Também determina que o Executivo regulamente a medida, apontando qual será a secretaria responsável por receber denúncias e aplicar sanções. O termo “ideologia de gênero” nunca foi usado por educadores. Ele se consolidou em documentos religiosos e entre os que atacam a abordagem.

Questionada sobre a inconstitucionalidade do texto, a prefeitura não respondeu.
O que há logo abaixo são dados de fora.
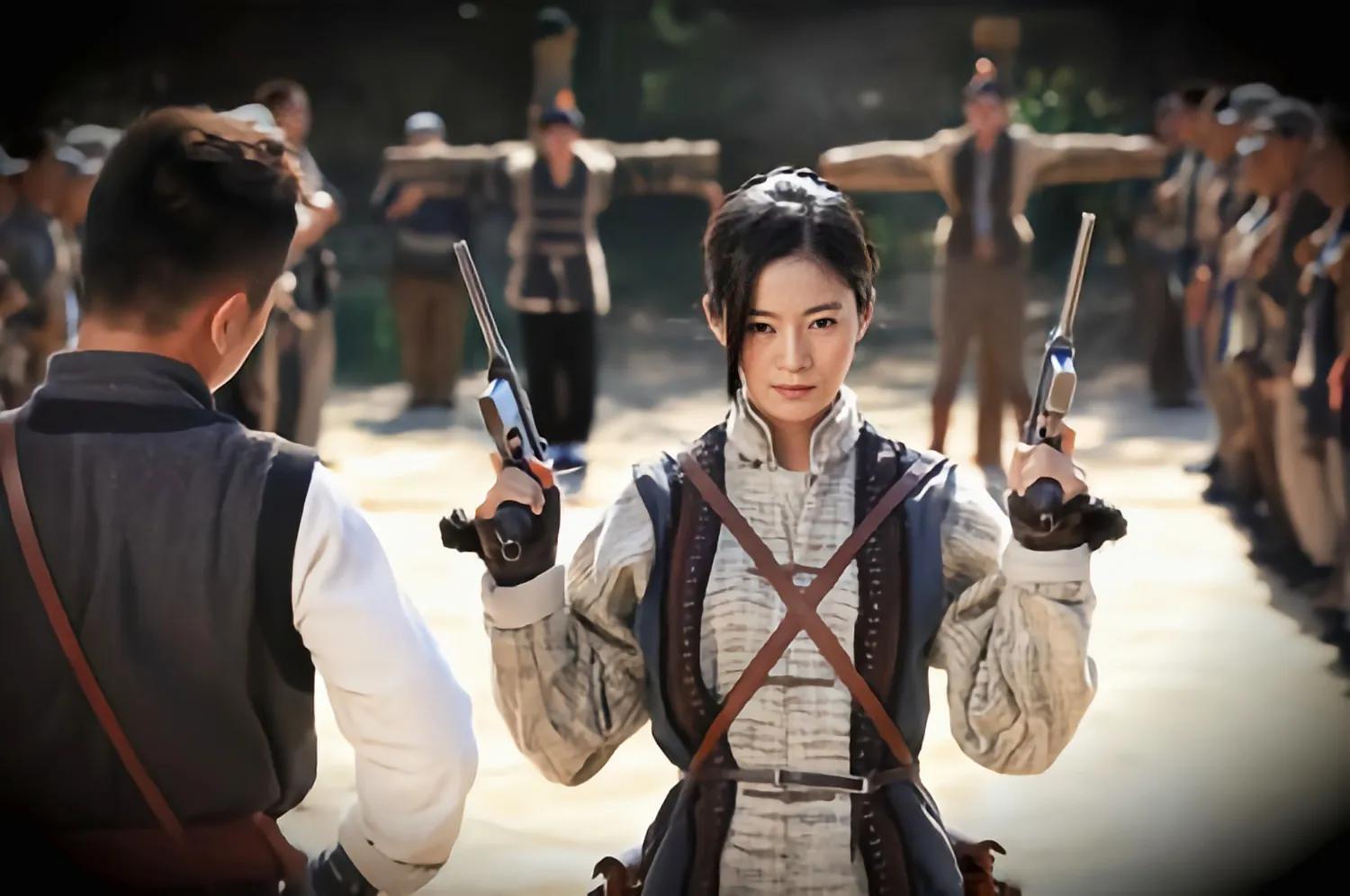 不过比起她的古装,她在抗战后剧中的表现更加让人印象深刻,《战旗》中饰演作战勇猛的第九大队巾帼队长戴金花。

Já o Ministério Público do Mato Grosso afirmou apenas que “o caso ainda está sendo analisado pela Procuradoria-Geral de Justiça”.

Única vereadora da casa, a professora Graciele dos Santos (PT) —que votou contra a norma ao lado do também professor Mário Sugizaki (Podemos)—, afirma que pretende tomar providências jurídicas e diz que votar projetos inconstitucionais acaba desperdiçando tempo e recursos públicos.

Ela argumenta que, na prática, a lei impede que professores trabalhem temas como gravidez precoce e abuso sexual na sala de aula: “Além disso é totalmente preconceituosa e homofóbica. Ignora outras formas de família como avós que cuidam de seus netos e casais homoafetivos”, declara.

Votaram a favor os vereadores Ademir Debortoli, Adenilson Rocha, Célio Garcia, Celsinho do Sopão, Dilmair Callegaro, Juventino Silva, Lucinei, Luís Paulo da Gleba, Moisés Jardim do Ouro, Paulinho Abreu, Professor Hedvaldo Costa e Toninho Bernardes.

Segundo a parlamentar, Sinop tem um histórico nesse tipo de discussão. Uma outra norma vetou no ano passado a chamada linguagem neutra (que usa uma terceira letra além do “A” e do “O” no final das palavras) nas escolas e, mesmo com recomendação de revogação pela Promotoria, continuou em vigor.

Tentativas de proibir abordagens sobre identidade de gênero nas escolas acumularam derrotas em série no STF em 2020. Ao menos quatro decisões por unanimidade naquele ano consolidaram o entendimento de que é inconstitucional o veto ao tema na educação.

As ações refutaram legislações aprovadas em Novo Gama (GO), Foz do Iguaçu (PR), Ipatinga (MG) e Cascavel (PR). Esta última, de 2015, proibia a “adoção de políticas de ensino que tendam a aplicar a ideologia de gênero, o termo ‘gênero’ ou ‘orientação sexual'”.

O ministro Luiz Fux, relator da matéria, escreveu que “a proibição genérica de determinado conteúdo, supostamente doutrinador ou proselitista, desvaloriza o professor, gera perseguições no ambiente escolar, compromete o pluralismo de ideias, esfria o debate democrático e prestigia perspectivas hegemônicas por vezes sectárias”.

Os posicionamentos da Corte enfraqueceram uma pauta do presidente Jair Bolsonaro (PL). Trata-se ainda do principal front de batalha de políticos e lideranças evangélicas.

Na última terça (8), por exemplo, o ministro da Educação, Milton Ribeiro, afirmou que o governo não vai permitir “ensinar coisa errada” nas escolas ao mencionar questões de gênero.

“Não tem esse negócio de ensinar você nasceu homem, pode ser mulher. Respeito todas as orientações. Mas uma coisa é respeitar, incentivar é outro passo”, declarou ele, que já foi denunciado pelo crime de homofobia por outra fala em que atribuiu a homossexualidade a “famílias desajustadas”.